Tyler Durden's picture




 

Looking at all non-equity asset classes, one would be left with the impression that the December taper is an increasingly likely outcome. Sure enough - bonds sold off again, and have been selling off constistently since the FOMC announcement. In fact they are poised to close at 2.62%, the highest yield since October 22.

The dollar, inversely, ramped higher on both EUR woes and the expectation that its destruction may "taper" in the near future.

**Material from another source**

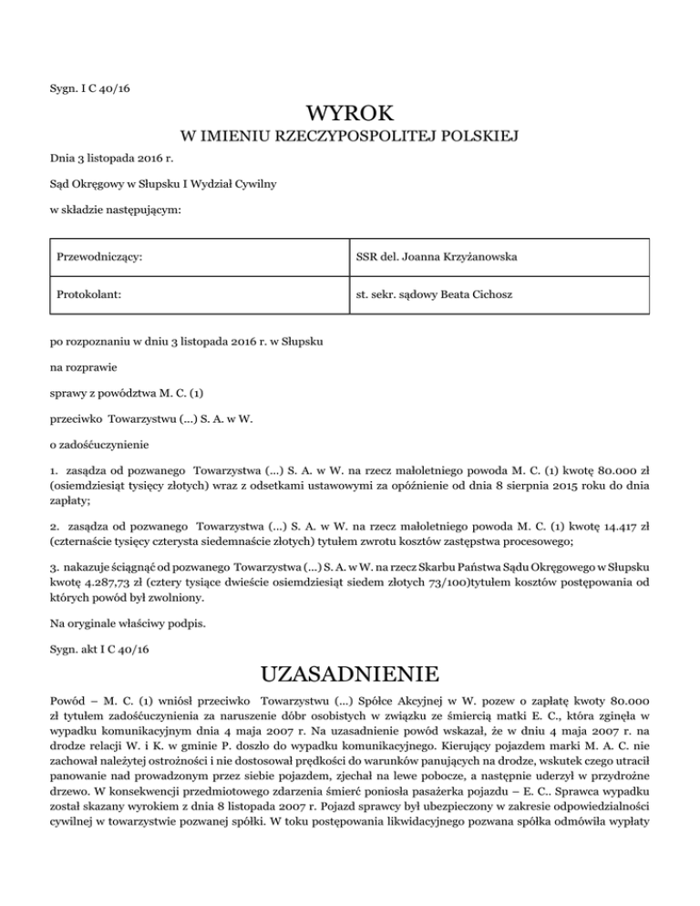 Sygn. I C 40/16 WYROK W IMIENIU RZECZYPOSPOLITEJ POLSKIEJ Dnia 3 listopada 2016 r. Sąd Okręgowy w Słupsku I Wydział Cywilny w składzie następującym: Przewodniczący: SSR del. Joanna Krzyżanowska Protokolant: st. sekr. sądowy Beata Cichosz po rozpoznaniu w dniu 3 listopada 2016 r. w Słupsku na rozprawie sprawy z powództwa M. C. (1) przeciwko Towarzystwu (...) S. A. w W. o zadośćuczynienie 1. zasądza od pozwanego Towarzystwa (...) S. A. w W. na rzecz małoletniego powoda M. C. (1) kwotę 80.000 zł (osiemdziesiąt tysięcy złotych) wraz z odsetkami ustawowymi za opóźnienie od dnia 8 sierpnia 2015 roku do dnia zapłaty; 2. zasądza od pozwanego Towarzystwa (...) S. A. w W. na rzecz małoletniego powoda M. C. (1) kwotę 14.417 zł (czternaście tysięcy czterysta siedemnaście złotych) tytułem zwrotu kosztów zastępstwa procesowego; 3. nakazuje ściągnąć od pozwanego Towarzystwa (...) S. A. w W. na rzecz Skarbu Państwa Sądu Okręgowego w Słupsku kwotę 4.287,73 zł (cztery tysiące dwieście osiemdziesiąt siedem złotych 73/100)tytułem kosztów postępowania od których powód był zwolniony. Na oryginale właściwy podpis. Sygn. akt I C 40/16 UZASADNIENIE Powód – M. C. (1) wniósł przeciwko Towarzystwu (...) Spółce Akcyjnej w W. pozew o zapłatę kwoty 80.000 zł tytułem zadośćuczynienia za naruszenie dóbr osobistych w związku ze śmiercią matki E. C., która zginęła w wypadku komunikacyjnym dnia 4 maja 2007 r. Na uzasadnienie powód wskazał, że w dniu 4 maja 2007 r. na drodze relacji W. i K. w gminie P. doszło do wypadku komunikacyjnego. Kierujący pojazdem marki M. A. C. nie zachował należytej ostrożności i nie dostosował prędkości do warunków panujących na drodze, wskutek czego utracił panowanie nad prowadzonym przez siebie pojazdem, zjechał na lewe pobocze, a następnie uderzył w przydrożne drzewo. W konsekwencji przedmiotowego zdarzenia śmierć poniosła pasażerka pojazdu – E. C.. Sprawca wypadku został skazany wyrokiem z dnia 8 listopada 2007 r. Pojazd sprawcy był ubezpieczony w zakresie odpowiedzialności cywilnej w towarzystwie pozwanej spółki. W toku postępowania likwidacyjnego pozwana spółka odmówiła wypłaty zadośćuczynienia. Powód wskazał, że tragiczna śmierć matki doprowadziła do naruszenia dóbr osobistych powoda w postaci prawa do niezakłóconego życia rodzinnego obejmującego szeroko rozumiane więzi pomiędzy członkami rodziny. Świadomość sieroctwa w tak młodym wieku niewątpliwie zwiększyła poczucie krzywdy moralnej powoda. Małoletniego łączyła z matką bardzo silna więź emocjonalna. Po tragicznej śmierci matki powód był niespokojny, płaczliwy, a w nocy budził się wołając mamę. Pojawiły się u niego koszmary senne i moczenie nocne. Obecnie powód jest wycofany z kontaktów międzyludzkich, nie przywiązuje się do otoczenia, Co więcej – jest w dużej mierze niesamodzielny, zaś jego zachowanie charakteryzują wybuchy emocji oraz agresja. Powód pozostaje pod stałą opieką pedagoga szkolnego i psychologa. Śmierć matki wywołała w nim poczucie krzywdy, żalu, smutku. Powód odczuwał i będzie odczuwać brak matki na każdym etapie swojego życia. Nie będzie ona bowiem obecna w ważnych dla niego wydarzeniach życiowych, został pozbawiony zwrócenia się do niej z problemami oraz wątpliwościami. Powód czuje się także gorszy od rówieśników, a obchody Dnia Matki zamiast spędzać w zaciszu domowego ogniska powód spędza składając na grobie matki kwiaty i znicze. Wg powoda w niniejszej sprawie rozmiar cierpienia strony powodowej był i jest wyjątkowo duży, a powód nie pogodził się z odejściem matki zaistniałych, tak bardzo niespodziewanych okolicznościach. Pozwany - Towarzystwo (...) Spółka Akcyjna w W. wniósł o oddalenie powództwa w całości. W pierwszej kolejności podniósł, że instytucja zadośćuczynienia za śmierć osoby bliskiej do dnia wejścia w życie art. 446 § 4 kc w polskim systemie prawnym nie istniała, a zatem nie mogła być podstawą zasądzania na tej podstawie zadośćuczynienia. W związku z powyższym działanie polegające na dochodzeniu zadośćuczynienia z tytułu śmierci osoby bliskiej stanowi działanie contra legem oraz rażące obejście prawa. Sam ustawodawca uznał brak instytucji zadośćuczynienia za śmierć osoby bliskiej za poważną lukę w polskim prawie w związku z czym dokonał wspomnianej nowelizacji kodeksu cywilnego. Okoliczność ta zdaniem pozwanego dobitnie wskazuje, że do czasu jednak wprowadzenia § 4 art. 446 kc ustawodawca nie przewidywał możliwości dochodzenia zadośćuczynienia za śmierć osoby bliskiej, gdyż w przeciwnym razie nowelizacja byłaby zbędna. Rzeczony przepis został wprowadzony do kodeksu cywilnego ustawą z dnia 30 maja 2008 r., a wszedł w życie 3 sierpnia 2008 r. i może być stosowany do zdarzeń mających miejsce po jego wejściu w życie. Przedmiotowy wypadek miał miejsce 4 maja 2007 r., a zatem przed wejściem w życie owej nowelizacji, tym samym roszczenie powoda dotyczące zadośćuczynienia jest bezpodstawne. Pozwany powołał w swojej argumentacji szereg orzeczeń z których wynika, że nie każdy uszczerbek niemajątkowy, nawet w postaci zerwania więzi rodzinnych na skutek śmierci osoby bliskiej, może być uznany za naruszenie dobra osobistego skutkującego możliwością zastosowania art. 448 kc. W drugiej kolejności pozwany podniósł, że zakład ubezpieczeń nie jest zobowiązany do naprawienia szkody powstałej wskutek naruszenia dóbr osobistych. Powołał się w tym zakresie na art. 34 ustawy o ubezpieczeniach obowiązkowych (…), z którego wynika, że z ubezpieczenia OC przysługuje odszkodowanie jeżeli posiadacz lub kierujący są obowiązani do odszkodowania za wyrządzoną w związku z ruchem tego pojazdu szkodę, której następstwem jest śmierć, uszkodzenia ciała, rozstrój zdrowia, bądź też utrata, zniszczenie lub uszkodzen

As expected, gold did the opposite of the dollar, and Gartman's latest reco, and continued its sell off for the third day in a row:

Thus the taper trade continued for the second day in a row in all asset classes, except stocks of course. Despite breifly dipping into the red shortly after today's conflicting manufacturing reports, the late day ramp was once again on location, and helped push ES nearly to a new intraday high in the minutes before the close, before a shakedown took place just after the close, sending ES sliding after hours, and wiping out the entire 3:30 pm ramp in seconds.

It can be seen just where the rug gets pulled moments after the 4:00 pm close of trade.

And so we close another week of mad fun with Mr. Chairman's, soon to be Mr. Chairwoman's manipulated, frothy, bubbly, markets.

Finally, speaking of bubbly frothyness, here is a smattering of the recent headlines confirming just that.

  • Oct. 31, Risk of London Property Bubble Is Increasing: Moody’s Analytics
  • Oct. 30, Barclays CEO Reassured Regulators ‘Are On’ Housing Bubble Risk
  • Oct. 30, Malaysia Has Taken Steps to Avert Property Bubble: Zeti
  • Oct. 29, BlackRock’s Fink Says There Are ‘Bubble-Like Markets Again’
  • Oct. 29, Dublin Home Prices Rise Most Since Crash as ‘Froth’ Signs Return
  • Oct. 23, Central Bankers Will Fail Again to Deflate Bubbles: SG’s Edwards
  • Oct. 23, Swedish Banks Lash Out at Government as Housing Market Overheats

"This time is different."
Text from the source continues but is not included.